WORK ITEM: Beginning with the line that holds "John Deere 14T", copy every remaining line of the listing below exactly, and leave the pictures out.

INPUT:
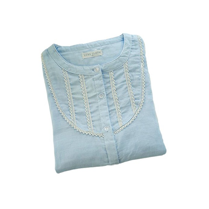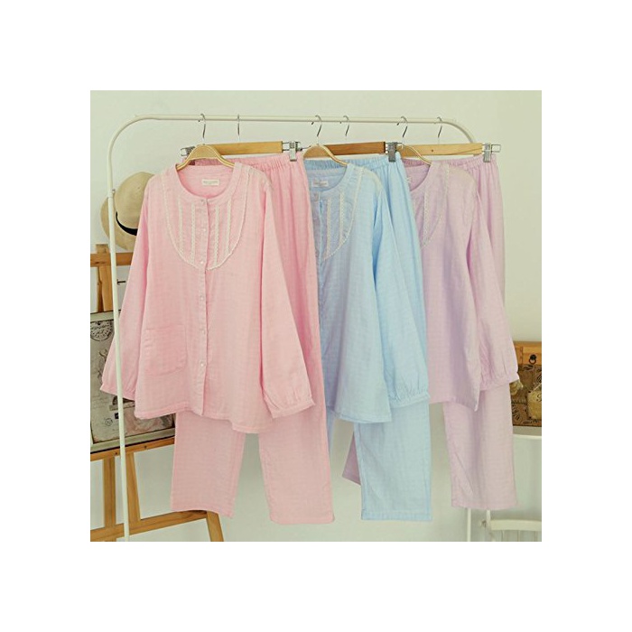 원본상품명: (エスライフ)S-Life レディス パジャマ 二重ガゼ 長袖 前開き 上下セット 綿 無地 純色 春夏 ソフト 柔らかい ルムウェア 部屋着 間着 便利服
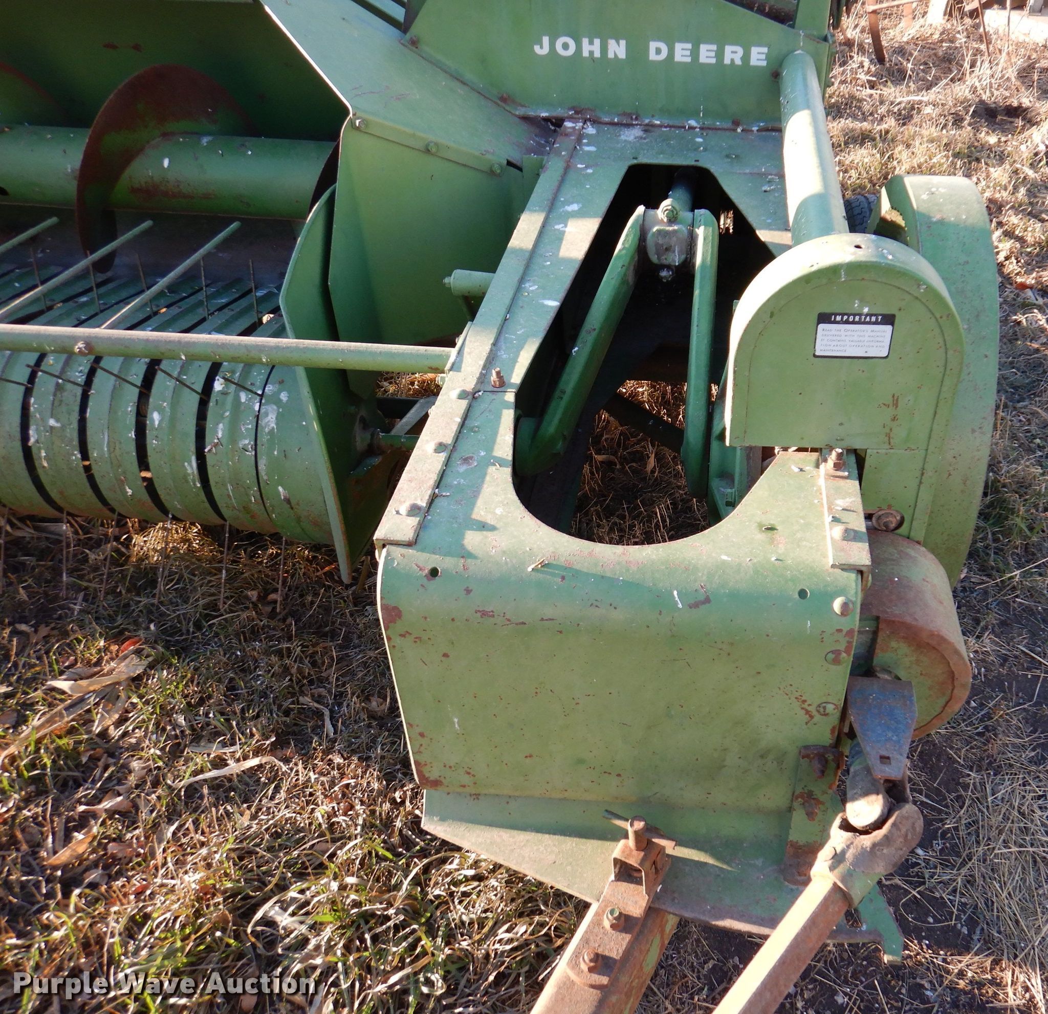 John Deere 14T small square baler. Serial: 58234. Operational PTO: 540, Pickup width: 4' 4", Small square bale size: 14"x18", Knotters Quantity: 2, Twine tie, Bale chute. Tires Size: 5-15. P & R Entry Door Inc. 2704 230th St. Duncombe, IA 50532
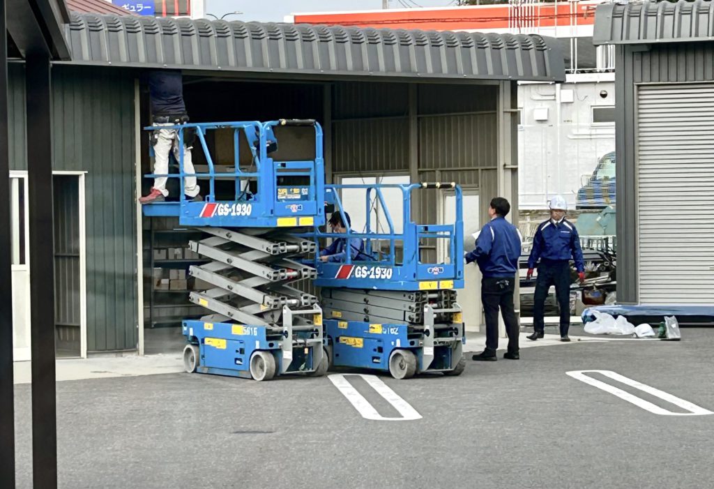 朝早くから職人さん2人が高所作業車を使い、協力しながら作業を行います。
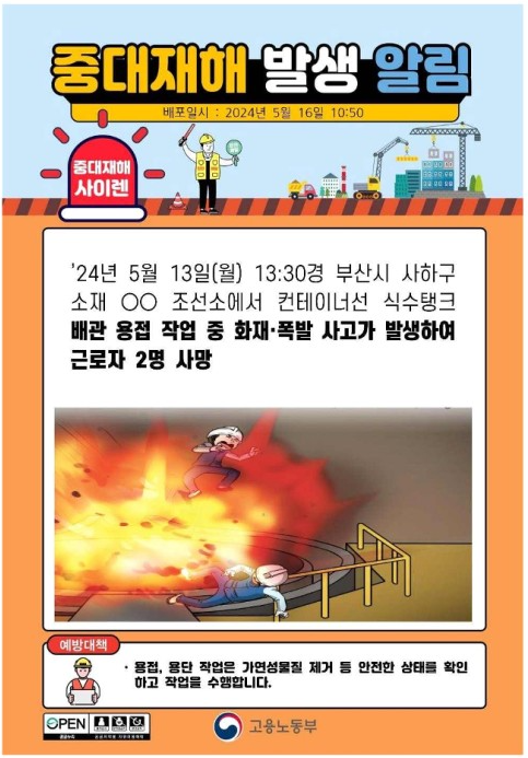 | 2024년 5월 중대재해 사이렌 내용 공유(1) (2) | 2024.09.13 |
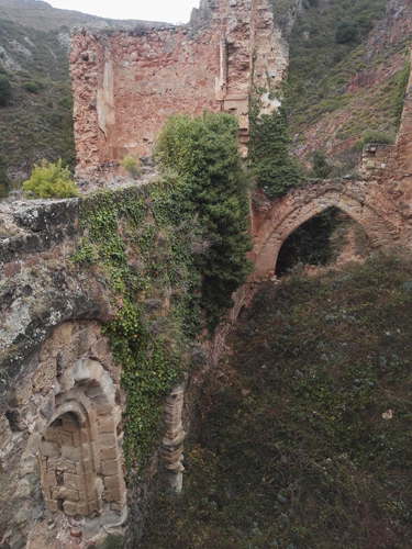 Ben bé no se sap com aguanten els murs, semiinclinats, cansats de tants anys d'espera i desídia. Tampoc ara ni ha cap projecte de rehabilitació. Tot i això, resulta fascinant passejar per aquelles restes. No feia bon dia, vull dir que no feia sol. Plovia, feia vent i encara resultava més enigmàtic i fantasmal. Des del cotxe al monestir vam trigar 25 minuts i vam estar 40 donant-hi voltes entre les pedres.

RESULT OF THIS TASK:
 John Deere 14T small square baler. Serial: 58234. Operational PTO: 540, Pickup width: 4' 4", Small square bale size: 14"x18", Knotters Quantity: 2, Twine tie, Bale chute. Tires Size: 5-15. P & R Entry Door Inc. 2704 230th St. Duncombe, IA 50532
 朝早くから職人さん2人が高所作業車を使い、協力しながら作業を行います。
 | 2024년 5월 중대재해 사이렌 내용 공유(1) (2) | 2024.09.13 |
 Ben bé no se sap com aguanten els murs, semiinclinats, cansats de tants anys d'espera i desídia. Tampoc ara ni ha cap projecte de rehabilitació. Tot i això, resulta fascinant passejar per aquelles restes. No feia bon dia, vull dir que no feia sol. Plovia, feia vent i encara resultava més enigmàtic i fantasmal. Des del cotxe al monestir vam trigar 25 minuts i vam estar 40 donant-hi voltes entre les pedres.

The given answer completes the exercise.